_EXERCISE OBJECTIVE_
The answer is the exact run of lines in the listing below from the line containing "- Firana gotowa" up to and including the line containing "Đồng chí Ngô", with pictures removed.

_TASK MATERIAL_

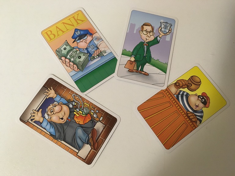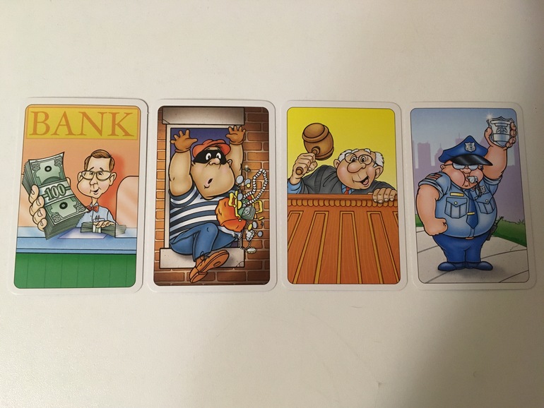 На 68 картах изображены 4 персонажа- судья, грабитель, банкир и полицейский. На некоторых из них эти персонажи занимаются своими делами,
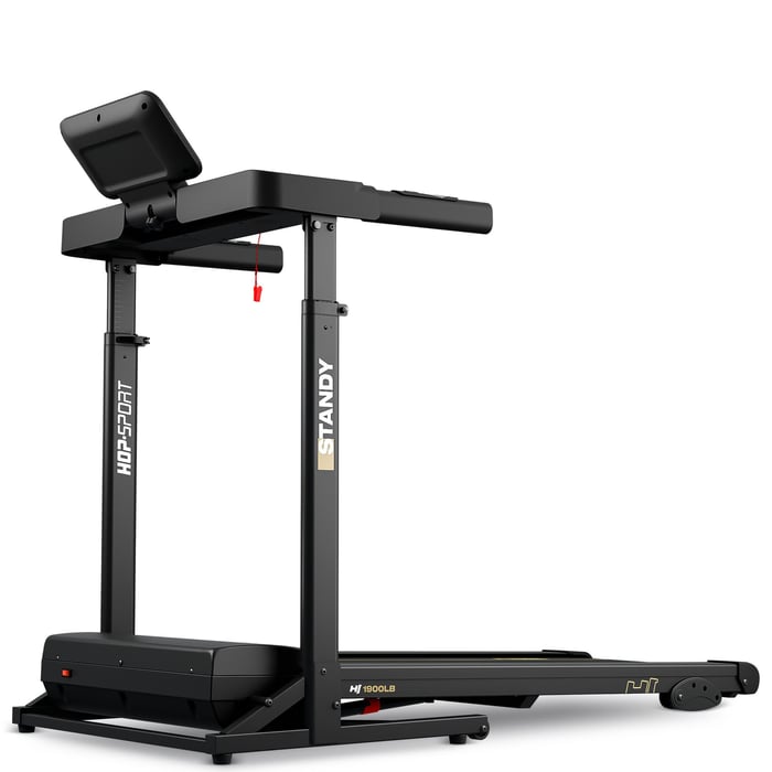 Das elektrische Laufband HS-1900LB Standy ist die ideale Wahl für alle, die zu Hause komfortabel trainieren möchten – ohne komplizierte Bedienung und ohne viel Platz zu benötigen. Der intuitive Trainingscomputer mit Display zeigt Zeit, Geschwindigkeit, Distanz, Kalorien und Puls an. Dank des Bluetooth-Moduls können Sie das Laufband mit den kompatiblen Apps Kinomap, FitShow und Zwift verbinden und so Ihr Training in eine interaktive Strecke verwandeln. Das Bedienfeld lässt sich zudem neigen und als stabile Laptop-Ablage nutzen – perfekt, um während eines ruhigen Spaziergangs zu arbeiten, Serien zu schauen oder zu lernen. Der kraftvolle AC-Motor mit 1,5 PS sorgt für einen gleichmäßigen Lauf im Bereich von 1–14 km/h, während die dreistufige Steigungsverstellung die Trainingsintensität mühelos erhöht. Die komfortable Lauffläche von 120 × 40 cm, die einstellbare Panelhöhe und die rutschfeste Oberfläche garantieren ein angenehmes und sicheres Training. Nach dem Workout können Sie das Laufband dank Transportrollen schnell zusammenklappen und verstauen.
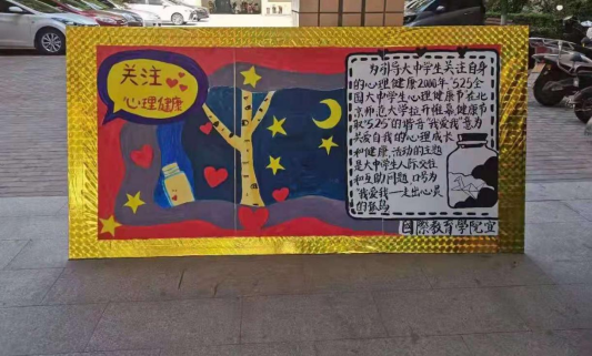 活动首先以宣传展板形式向大家介绍了老员工心理健康节的来历,以及老员工心理健康的重要性,通过星星、月亮、爱心和大树等充满温馨的形象向大家展示了一幅充满爱和能量的画面,展板放在同学们上课的必经之路上,每天时时刻刻为大家带来活力和能量。
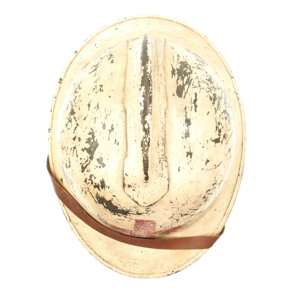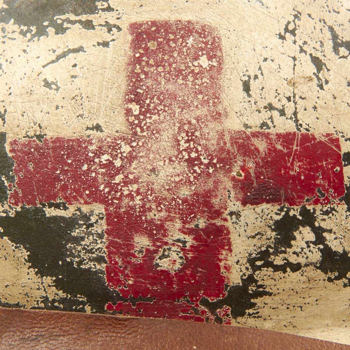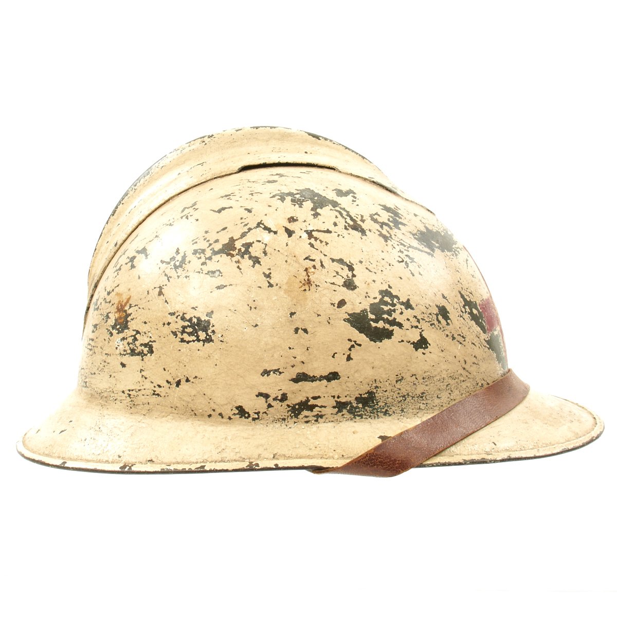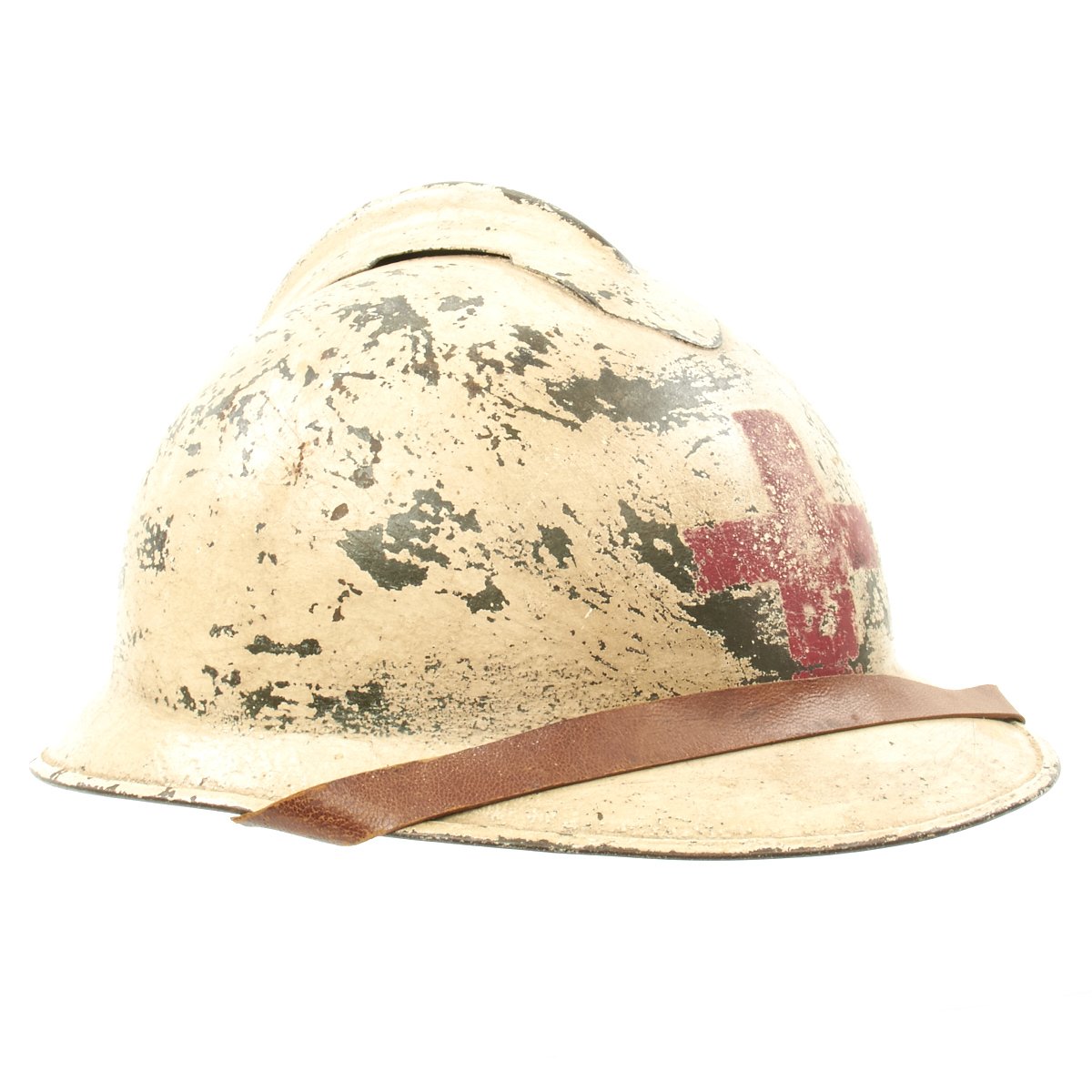 The helmet retains the original green paint which was over-painted in white with the an addition of a medic's red cross to the front. Features a wonderful complete original leather liner with wool backing behind the liner band which is characteristic of the Italian Model 1916 vs the French Model 1915. Offered in overall very good condition, with complete leather chinstrap. Shell shows some minor dings, scratches and paint chips consistent with age.
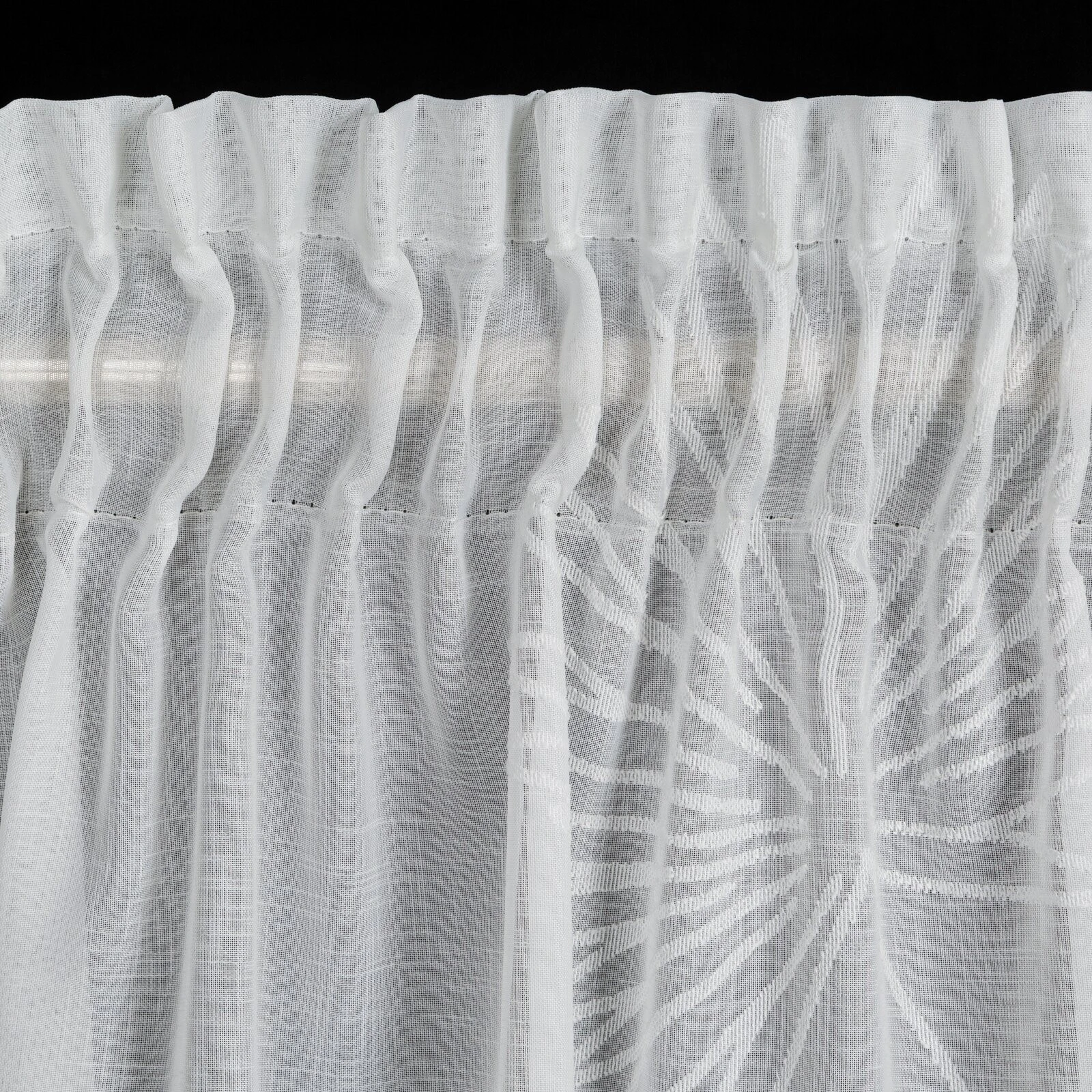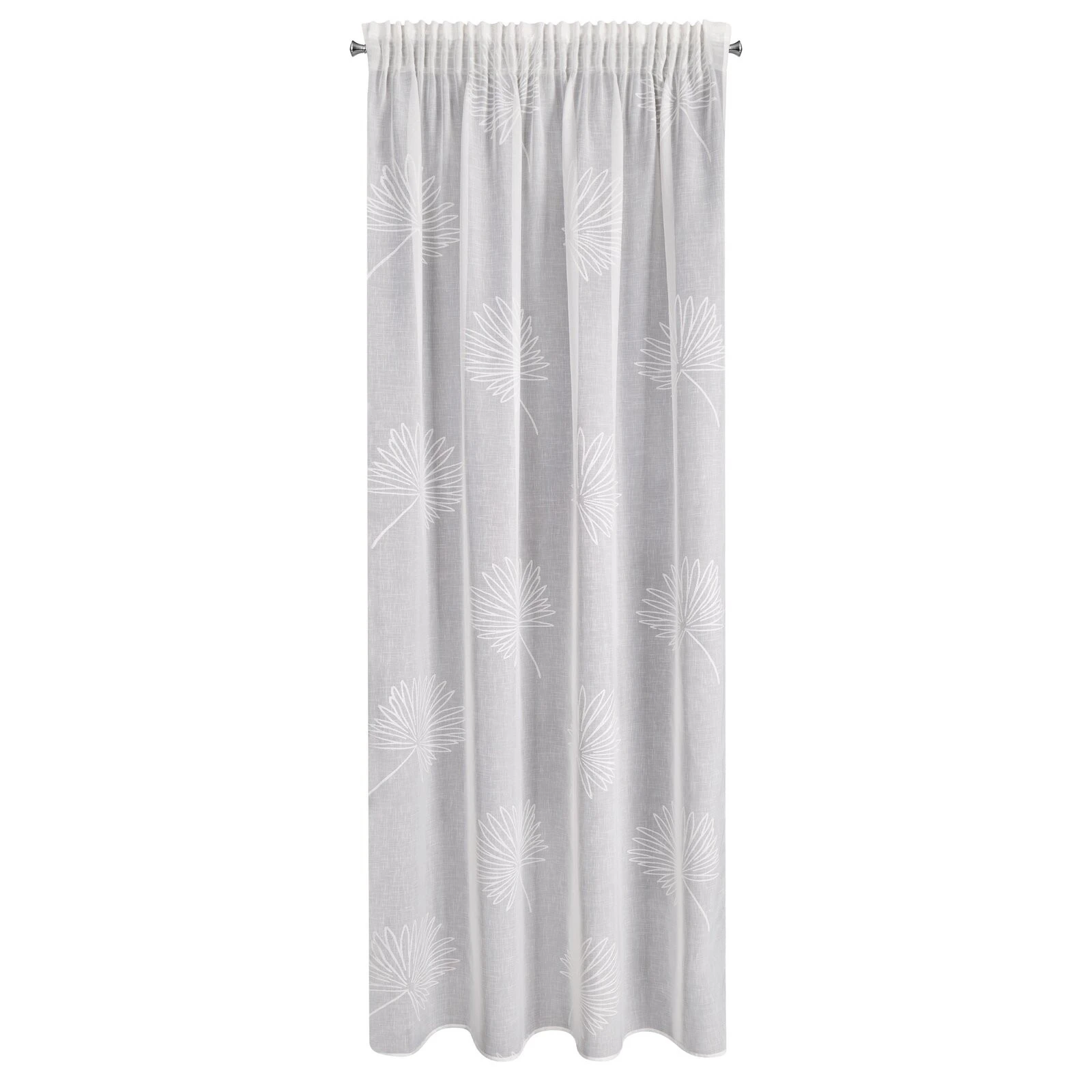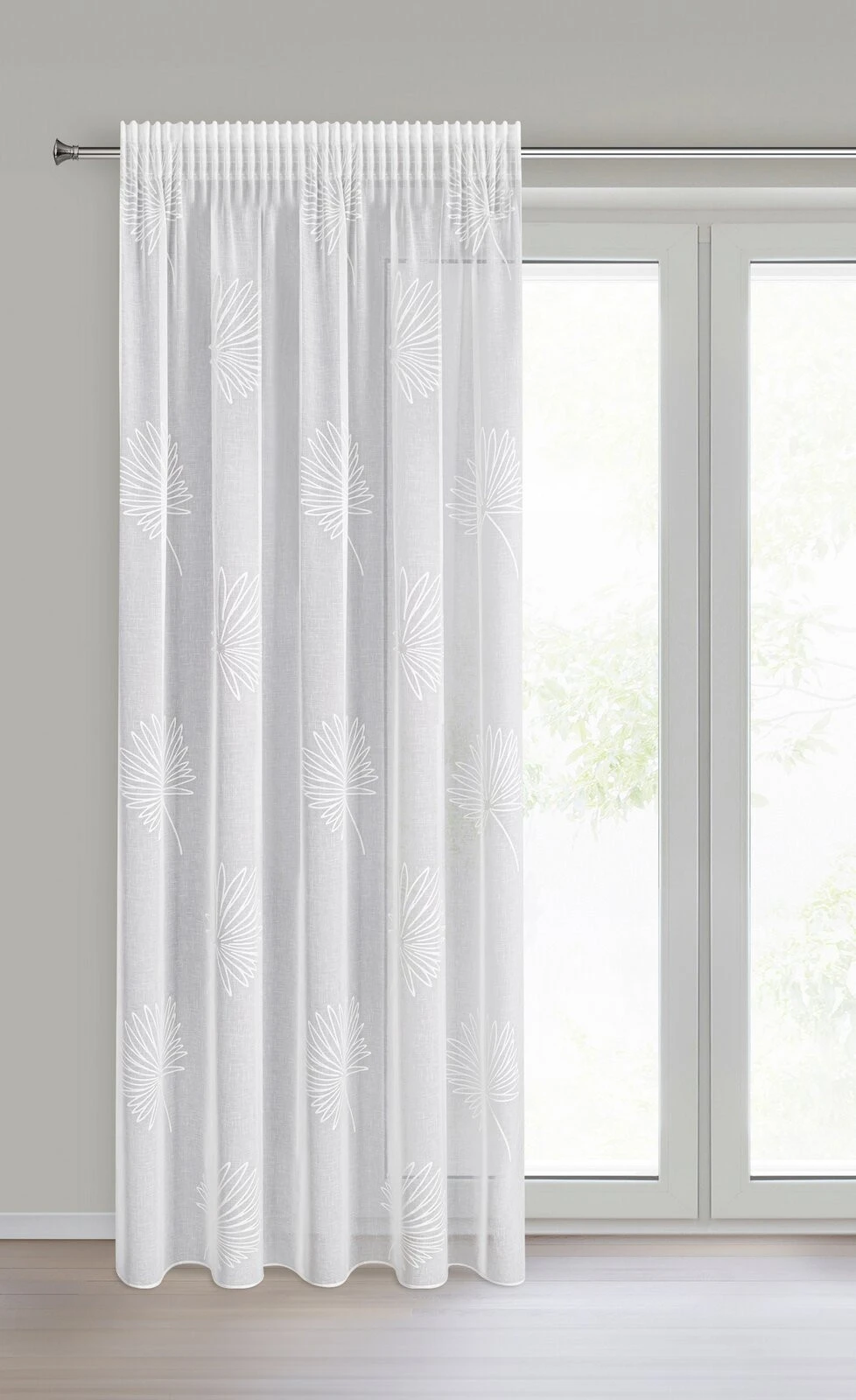 - Firana gotowa zdobiona wzorem roślinnym szerokość: 140 cm, długość: 270 cm, kolor: biały, Gramatura: 90 GSM, Skład: 100% poliester
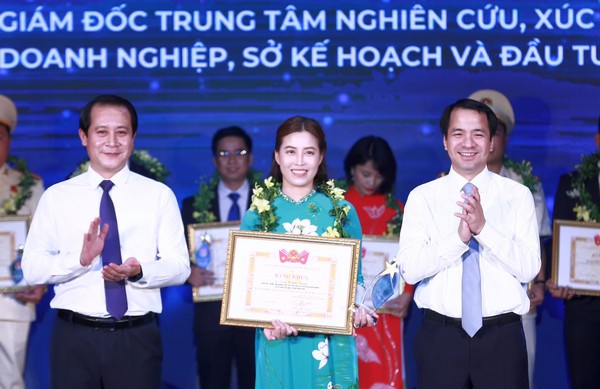 Đồng chí Ngô Văn Cương , Bí thư TƯ Đoàn và đồng chí Phạm Hoàng Anh, Phó Bí thư Thường trực tỉnh ủy Vĩnh Phúc trao Bằng khen tặng cán bộ, công chức, viên chức trẻ giỏi 2022
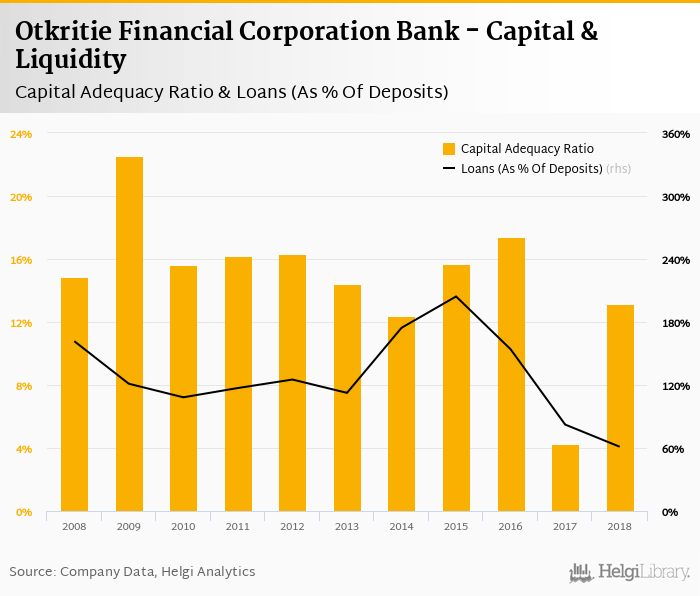 Comparing Otkritie Financial Corporation Bank with its closest peers, Sberbank ended the year 2018 with a capital adequacy ratio at 12.4% and loans to deposits of 93.7%, VTB Bank with 13.5% and 103% respectively and Alfa Bank some 18.2% in terms of capital adequacy and 92.5% of loans to deposits at the end of 2018.

_SOLUTION TO THIS PROBLEM_
 - Firana gotowa zdobiona wzorem roślinnym szerokość: 140 cm, długość: 270 cm, kolor: biały, Gramatura: 90 GSM, Skład: 100% poliester
 Đồng chí Ngô Văn Cương , Bí thư TƯ Đoàn và đồng chí Phạm Hoàng Anh, Phó Bí thư Thường trực tỉnh ủy Vĩnh Phúc trao Bằng khen tặng cán bộ, công chức, viên chức trẻ giỏi 2022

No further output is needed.